[Information supplied — start]

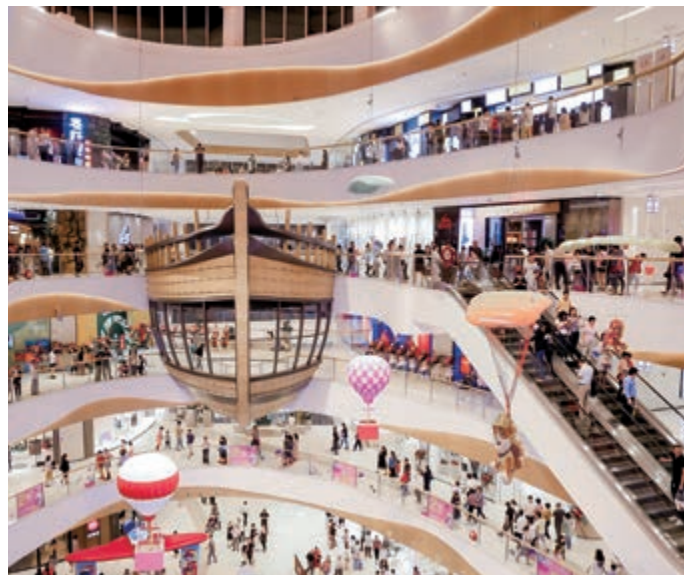
常州龍城天街 Changzhou Longcheng Paradise walk
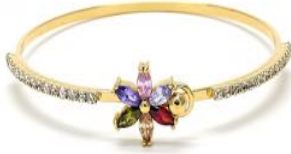
GOLD LAYERED 07.97.0046 INDIVIDUAL BANGLE, FLOWER DESIGN, WITH CUBIC ZIRCONIA, GOLD TONE
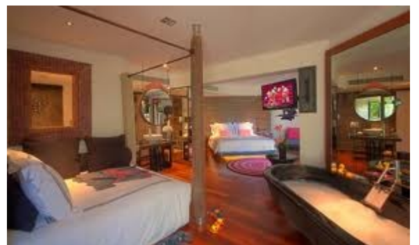
DB Suite at Indigo Pearl

[Information supplied — finish]

**Exercise**
Copy out the material above exactly; the images stay out.

**Result of the task**
常州龍城天街 Changzhou Longcheng Paradise walk
GOLD LAYERED 07.97.0046 INDIVIDUAL BANGLE, FLOWER DESIGN, WITH CUBIC ZIRCONIA, GOLD TONE
DB Suite at Indigo Pearl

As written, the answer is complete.